Yedi yıl önce polis Ordi’yi izlemiş, kendisinin ve kocasının teslim olması için oğlunu rehin almıştı. Yeraltı kurmayları, buna izin vermemişti. Çünkü Ordi çok fazla şey biliyordu.

Çocuğundan hiç haber alamamış, derinlerde bir yerlerde hâlâ onun yaşadığını hissetmesine karşın, çocuğunun öldüğünü düşünmüştü.

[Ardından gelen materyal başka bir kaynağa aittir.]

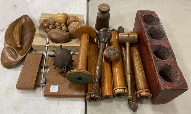 1229 Group of Primitive Spools, Carved Candle Holder, Fruit, and Cutter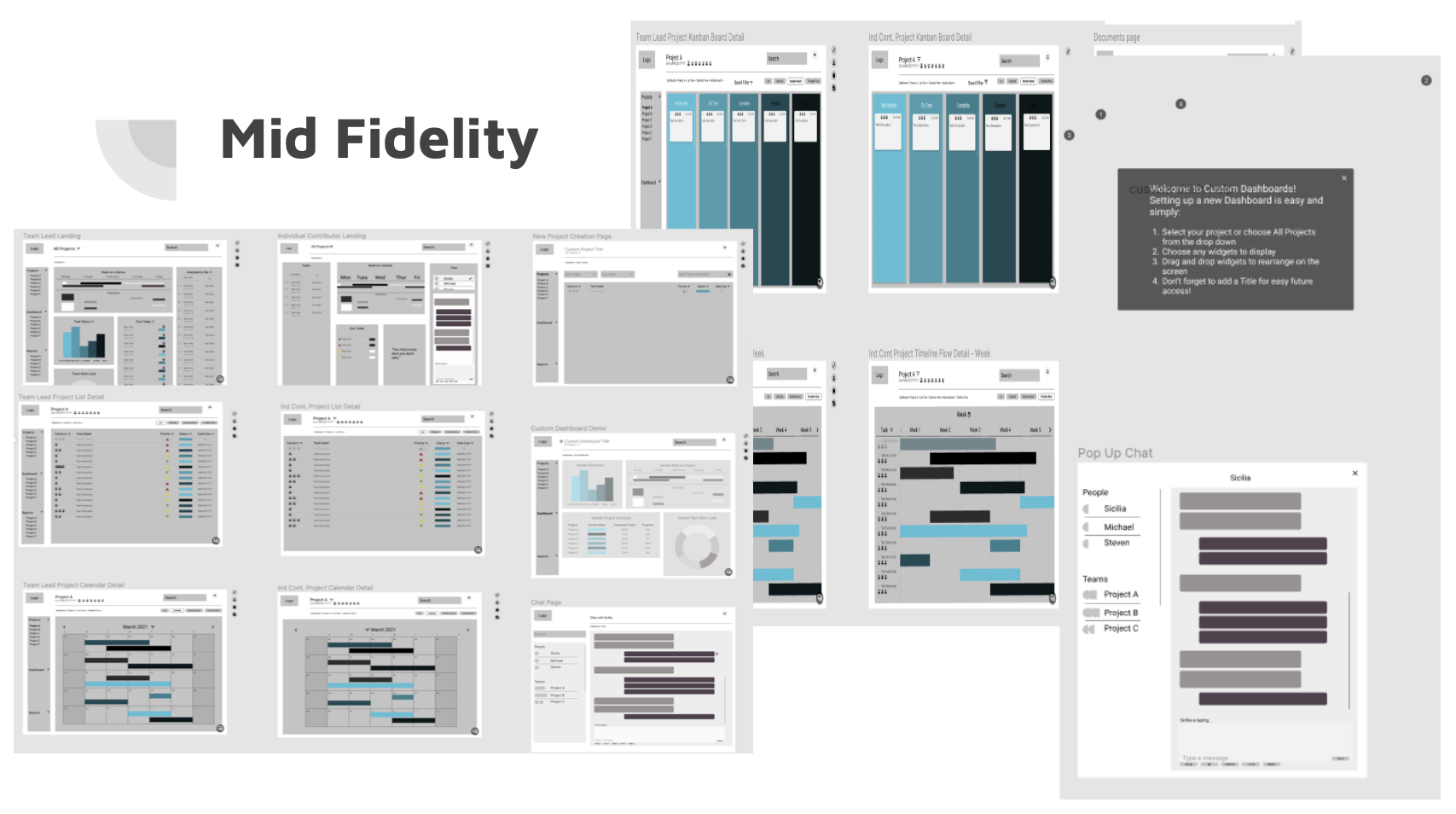 Survey: We created a survey that included four different sections, demographics, team member experience, team lead experience, and task managing questions. 61% of individual contributor responses selected slow and inefficient processes as a challenge working on the team, making this the largest pain point identified. 62% of all responses (team lead - 75%; ind contributor - 56.5%) selected lack of communication as a major pain point for their current task management system. Another users said “That there never seems to be one system that meets my needs, so I find myself jumping between software solutions.” Another user said that “they would like it if their whole company used a task managing system so everyone knows what is going on and who is going on vacation and needs coverage.” Overall, our survey responses gave us informative information that helped us form our personas.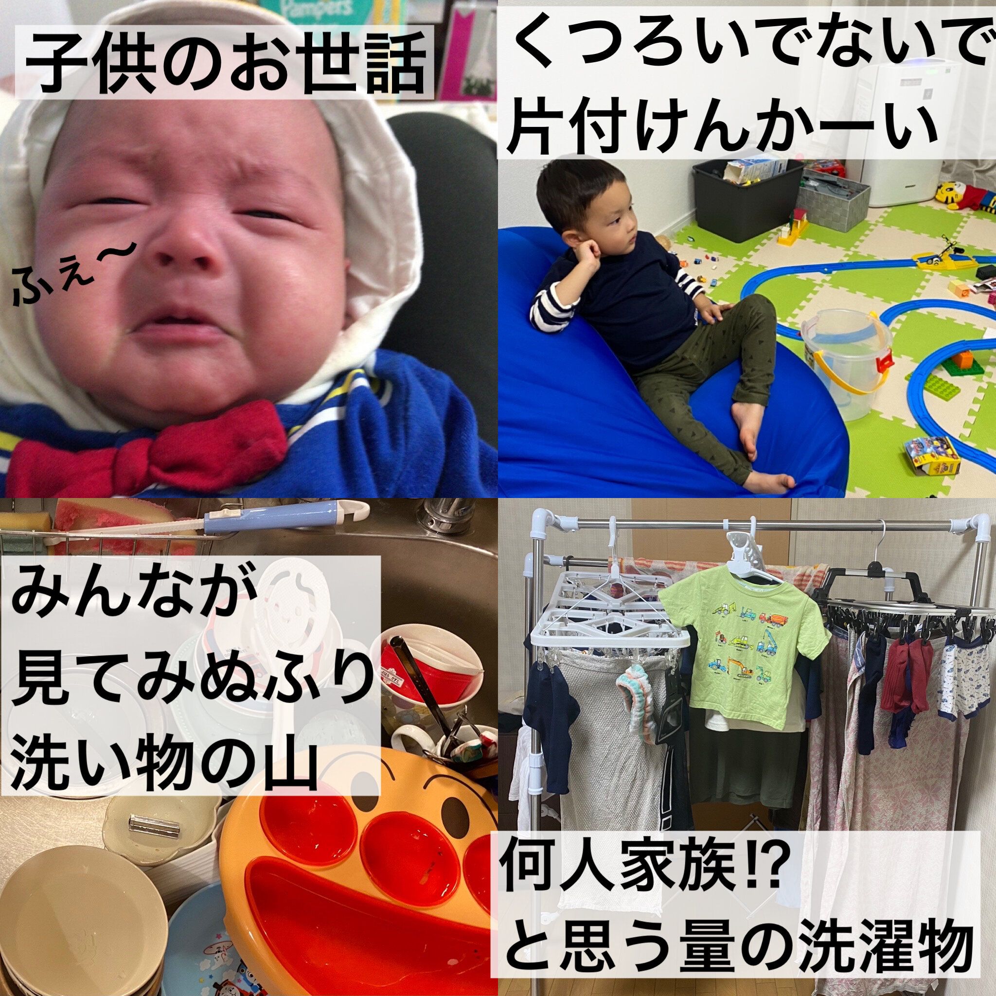 食べこぼし、おもらしでお色直しばかりの息子の洗濯物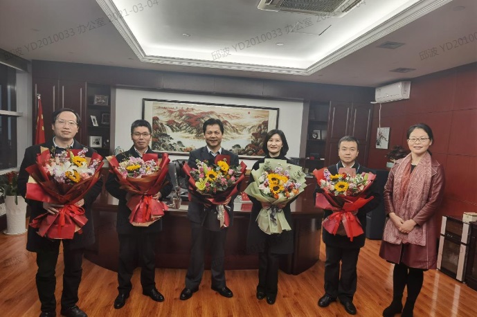 2月1日下午,鄞州區總工會(huì )副主席姚燕君、范海鋒、周迎春、胡美星、徐濱,工會(huì )干部李天波等領(lǐng)導一行走訪(fǎng)中科遠東并慰問(wèn)企業(yè)的勞模、工匠。中科遠東董事長(cháng)項文裕熱情接待了區總工會(huì )領(lǐng)導一行。

Geçen yedi yıl boyunca onu sürükleyen en önemli şey, düşmana duyduğu nefretiydi. Adil bir toplum rüyası ise çok uzaklarda kalmış, hayalden öteye gidememişti.

Kocasını çok sevmesine rağmen, ölümünü şaşırtıcı bir sükûnetle karşılamıştı. Büyük ihtimalle onun tutuklanmasından çok önce kendisini bir şeylere bağlanmama fikrine alıştırmıştı. Şimdi ise tıpkı Gel’in ölmeden önce olduğu gibi, Ordi de yaşayan bir ölüydü, ama oldukça tehlikeli bir yaşayan ölü.

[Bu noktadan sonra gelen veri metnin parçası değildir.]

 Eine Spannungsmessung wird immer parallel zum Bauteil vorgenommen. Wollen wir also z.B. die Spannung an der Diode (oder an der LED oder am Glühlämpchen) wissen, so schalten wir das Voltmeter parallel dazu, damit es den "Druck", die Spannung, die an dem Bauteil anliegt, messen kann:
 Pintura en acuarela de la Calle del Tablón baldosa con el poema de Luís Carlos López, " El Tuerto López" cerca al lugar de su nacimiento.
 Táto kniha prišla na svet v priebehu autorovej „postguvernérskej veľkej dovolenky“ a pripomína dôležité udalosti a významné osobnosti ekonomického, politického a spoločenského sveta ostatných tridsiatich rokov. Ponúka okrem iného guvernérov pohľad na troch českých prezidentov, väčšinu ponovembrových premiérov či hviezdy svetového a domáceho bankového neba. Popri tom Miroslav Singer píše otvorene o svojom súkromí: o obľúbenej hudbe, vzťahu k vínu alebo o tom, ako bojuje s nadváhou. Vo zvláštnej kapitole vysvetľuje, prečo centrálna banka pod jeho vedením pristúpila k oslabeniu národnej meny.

“Mac, bir acemi,” dedi Memo. “Yalnızken başından olmayacağını nereden biliyoruz? Sadece bu acemiye bel bağlanarak yapılan yeni plana güvenip, daha emin olan ilk plandan vazgeçmek çok saçma. Bir kere söyledim ve tekrar söylüyorum. Bu çok riskli.”

“Kes şunu” dedi Green. “Bu bizim işimiz. Yeni plan, eski plan ne fark eder? Hepsi aynı derecede risk taşıyor. Başka ne bekliyorsun ki? Biliyorsun ki işimizi risk almadan yapamayız ve bu haplar riskleri azaltacak. Onları saat 22.00’de vurduğumuzda, kuledeki herifler neye uğradıklarını şaşıracaklar. Büyük bir ihtimalle o sırada viski içip avazları çıktığı kadar şarkı söylüyor olacaklar. Tam da o zaman saldıracağız. Belki silahlarını bile dolduramayacak kadar sarhoş olacaklar. Evet, tamam, ben planı beğendim. Ya sen Mac?” Forester araya girdi: “Aynı şeyi düşünüyorum. Eğer bu plan benim için bile sürpriz olduysa, düşünün ki lejyonerler için ne kadar büyük bir sürpriz olacak. Green haklı: Neye uğradıklarını şaşıracaklar.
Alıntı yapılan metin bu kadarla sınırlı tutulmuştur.